我和刘春燕商量后觉得这事不保险,万一支书以后让我娶朱月英我就被动了。我突然想到了我在高中读书的时候,曾经在公社卫生院实习了两个月。有一个老中医和我关系特别好。因此我便去咨询了他,他给了我一个方子。并保证万无一失。

刚好这时公社需要一个财粮干事,我趁这个机会与支书达成了协议,我负责给朱月英把孩子打掉,支书保证让我去公社当财粮干事。

我按照老中医给我方子成功打掉了朱月英肚子的孩子。支书也实现了自己的诺言保举我到公社当了一名财粮干事。

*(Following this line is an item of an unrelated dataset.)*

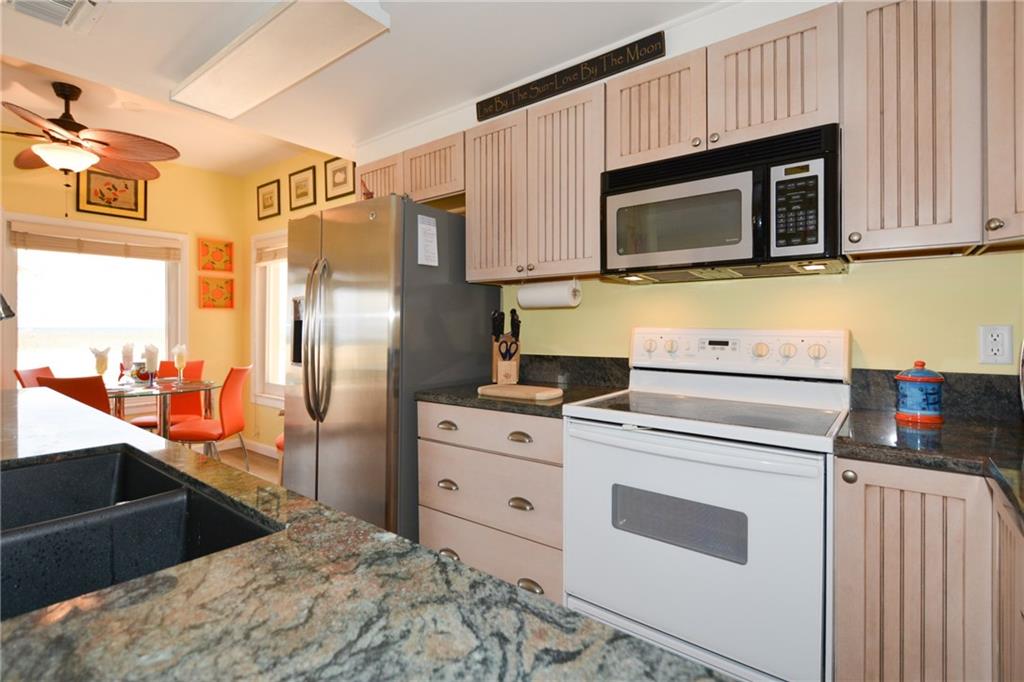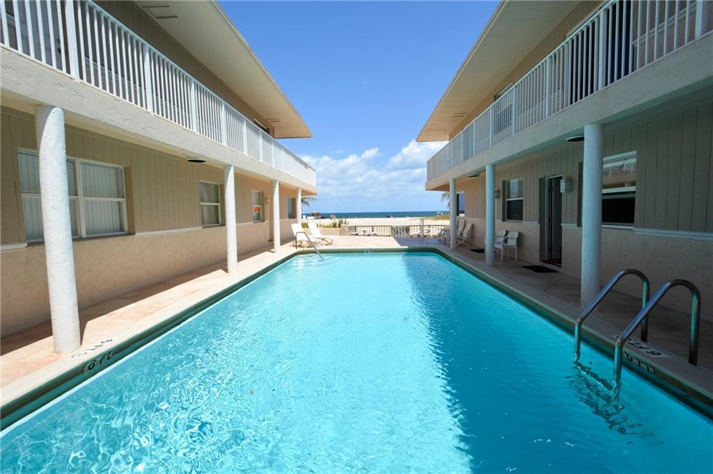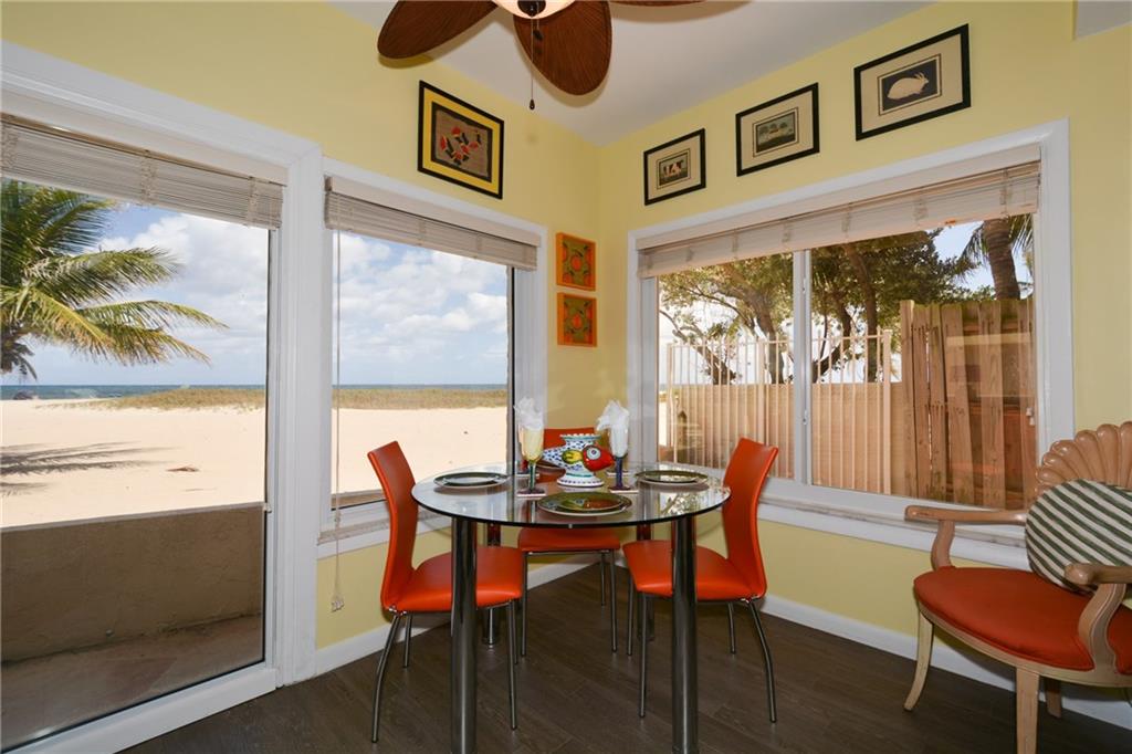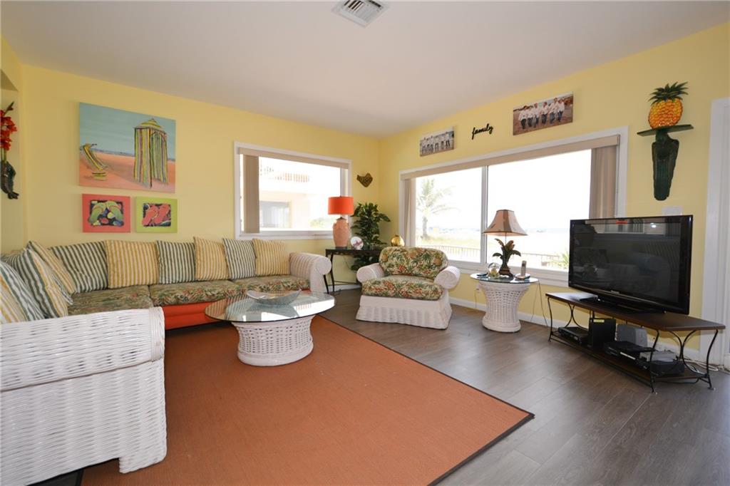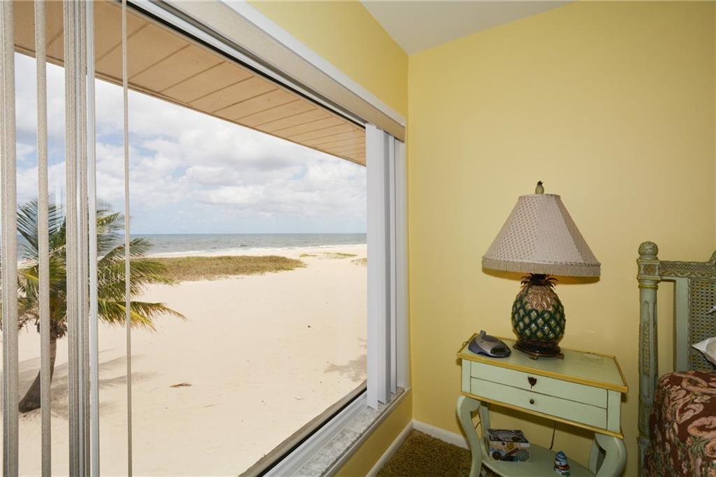 This view is WOW from every IMPACT GLASS WINDOW that surrounds this END unit SMACK ON THE SAND! Elegant & TASTEFULLY UPDATED throughout. Gorgeous granite counters in kitchen & both baths, wood cabinets, SS appliances (except fridge). Laundry rm & full bath ground floor & "wood"-look ceramic tile floors. Surrounded by patios for outside entertaining, pool & sandy beach steps from your door. Watch the sunrise over the Atlantic from your pillow & end your day with beautiful sunsets. PERFECT BEACH FRONT HOME

从此我就脱离了农村成了一名国家干部,由于我工作勤奋努力,擅长写文章,因此我的前

途一片光明。

1974年,我被调到了团县委,很快就升任为团县委副书记。两年后我又从团县委升任为一个公社的党委副书记。

刘春燕于1975年回到了成里,但一年多没有找到工作,1976年与我结婚后就和我生活在一块。

1977年刘春燕考上了地区农校,农校毕业后被分在了县农业局。

2015年8月我从县人大主席的位子上退了下来,刘春燕比我早退休两年。我们退休后又回到了农村,我们就住在父母留下的老房子。我们也经常与朱月英见面,不过她更显沧桑。因为自那年打胎后就再也没有工作。父亲不当支书了,连村医疗站也不要她了。她跟了一个老实巴交的农民,辛苦了一辈子。在她50岁的时候,老伴就去世了。如今儿女都分家另过,她一个住在老院子,自做自吃。我们经常还去她的院子坐坐,聊聊年轻时候的那些事。

回顾我这一生走过的路,无不充满传奇,机会往往只有一次,错过了这唯一的一次机会,我可能还不如朱月英。